Zimbardo calls into evidence findings of the National Center for Education Statistics that indicate boys are 30 percent more likely to drop out of high school than girls. Boys, he says, are getting lower grades, and their SAT scores are at a 40-year low.
Video games and porn are the culprits, Zimbardo told Dr. Phil. At an average of 13 hours per week, boys are spending more than twice the time girls do playing video games. Additionally, boys on average kill two hours a week watching porn. Their delicate teenage brains, Zimbardo says, are rewired by immediate and constant gratification fed to them by video games and Internet pornography, making reprobate junkies of our nation’s young men.
The people who should care, Zimbardo told a TED talk audience in March 2011, are “parents of boys and girls, educators, gamers, filmmakers and women who’d like a real man who they can talk to, who can dance, who can make love slowly and contribute to the evolutionary pressures that keep our species above banana slugs.”
Sounds serious. And it would be, if Zimbardo were correct.
It is hard to know what age Zimbardo harkens back to when he invokes the talking, dancing, slow-loving “real” men of yore. Was there a golden age in which teens were well-adjusted and the men they became were “real?” To shelve Zimbardo’s overdrawn theory we need only look back to a generation of men who grew up without video games and high-speed Internet.

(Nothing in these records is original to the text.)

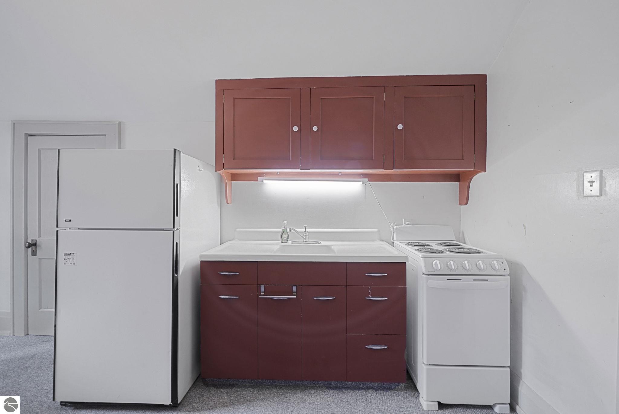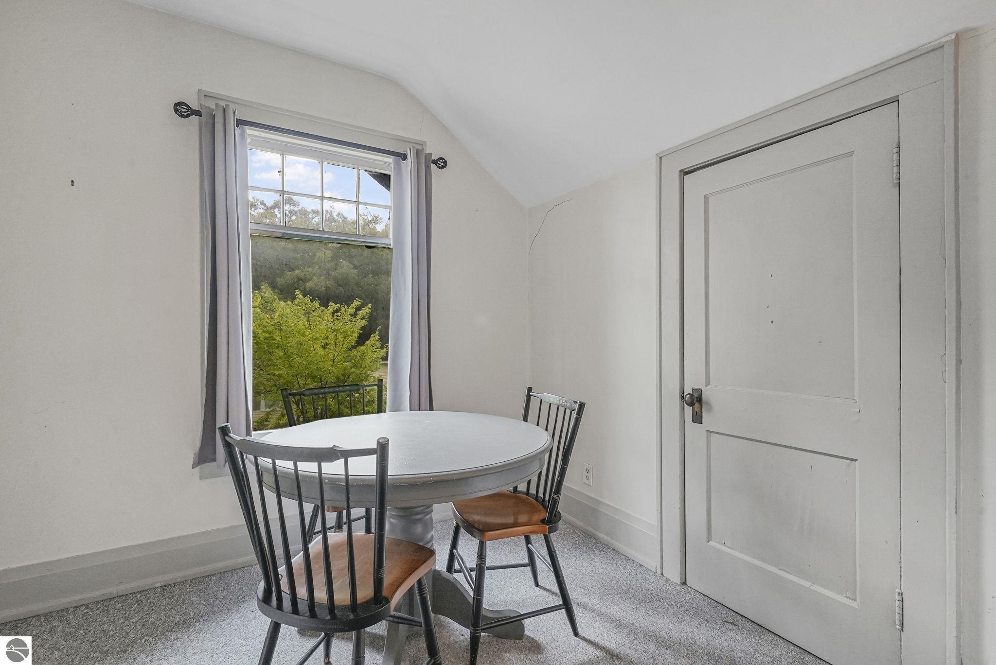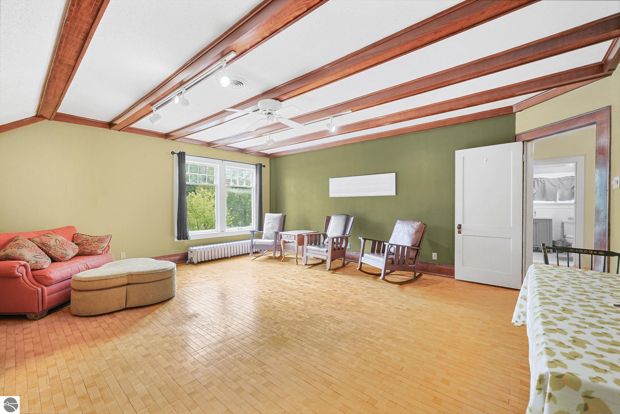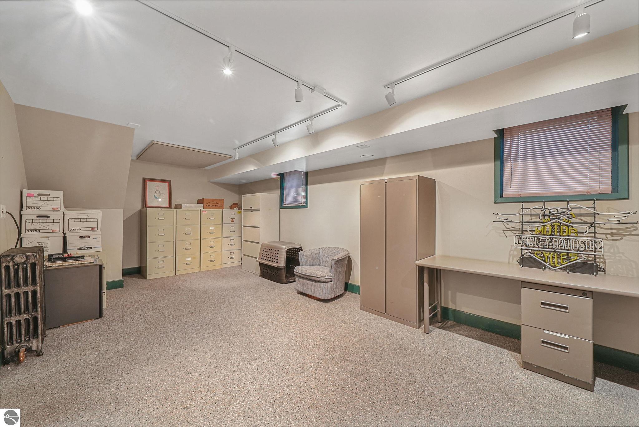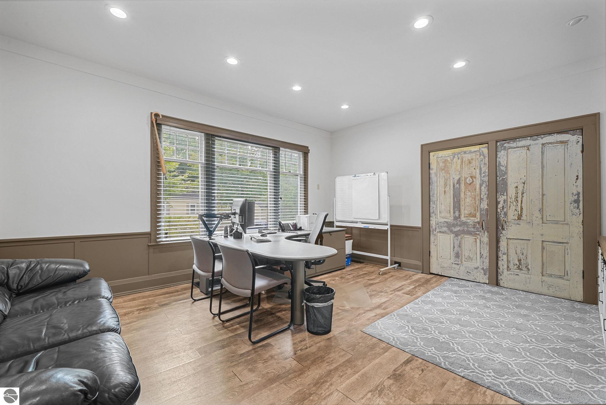This is one of the most iconic Traverse City structures, and now one of the coolest ownership opportunities of a historic mixed-use property on the corner of 9th and Union Street - large enough to be split by right! This historic Old Town bungalow built in 1915 was constructed with high end craftsmanship and is beautifully preserved - find gorgeous maple hardwood floors, rich original wood trim, and striking 9' coffered ceilings. A grand wood-burning fireplace anchors the spacious living area, complemented by a welcoming foyer, den, office, and main floor primary bedroom. The main floor is currently used as an office, with lots of potential to go easily back to a residence. Upstairs could be a completely separate unit, as it has an additional kitchen, and two or three bedrooms with a private entrance. The finished lower level area adds valuable, flexible living/office space—perfect for a media room, home gym, expanded office use, storage, etc. Sitting on three city lots, the property includes a massive 2+ car garage with oversized door—large enough to potentially fit four vehicles or provide RV/Boat storage. The setting is one of its finest attributes, with a covered front porch to take in the morning sun, or a lovely back patio area and large corner property on the alley to stretch out and enjoy. Big mature trees line the edges of the property as well - it's a must see!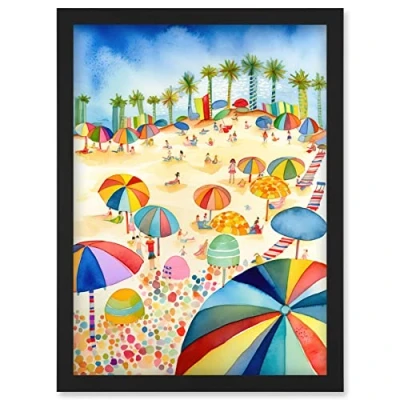 Artery8 Tropical Summer Beach Folk Art Artwork Framed Wall Print A4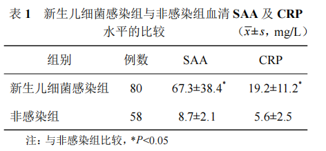 检验医学2016年发表:《血清淀粉样蛋白A与C反应蛋白联合检测在新生儿细菌感染诊断中的应用》。主要为研究血清淀粉样蛋白A(SAA)和C反应蛋白(CRP)以及白细胞总数在新生儿细菌感染诊断中的应用价值。分别检测80例细菌感染新生儿及58名体检正常的新生儿(非感染组)SAA、CRP和白细胞总数并做比较。

My grandfather didn’t dance and, I’m told, went years without speaking a word to my grandmother. To get further away from her, when the weather in New York began to turn each spring, he left the house to unfold a narrow cot in the garage where he snored every night until it grew too cold to bear. There were no video games and pornography was analog: for him, it was Yankee games on the wireless radio.

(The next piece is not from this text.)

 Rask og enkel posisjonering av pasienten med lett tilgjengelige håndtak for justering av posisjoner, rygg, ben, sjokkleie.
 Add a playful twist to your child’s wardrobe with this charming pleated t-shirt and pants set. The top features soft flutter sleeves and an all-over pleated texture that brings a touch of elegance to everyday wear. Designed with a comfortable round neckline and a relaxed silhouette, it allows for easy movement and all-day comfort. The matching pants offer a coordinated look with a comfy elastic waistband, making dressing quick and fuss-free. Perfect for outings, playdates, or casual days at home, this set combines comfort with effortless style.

Furthermore, Zimbardo’s distress call is nothing new. Since before Rebel Without a Cause in 1955, American grown-ups have lost sleep over their wayward teens and the imminent calamity facing the human race when they inherit the world. The degenerating influence was once rock and roll music. Later, it was long hair. Then came gateway drugs, television, pro wrestling, MTV, The Simpsons, texting. It’s always something.
Teens are disoriented. They were shy and sullen before the advent of the Xbox. The aforementioned Pew study showed that, for teens, gaming is often a social activity and that the amount of time spent gaming doesn’t directly correlate to civic involvement.
Teens were confused before pornhub.com. Re-read The Catcher in the Rye.
“What’s the solution?” Zimbardo asked his TED audience. “Not my job,” he said. “I’m here to alarm.” Indeed.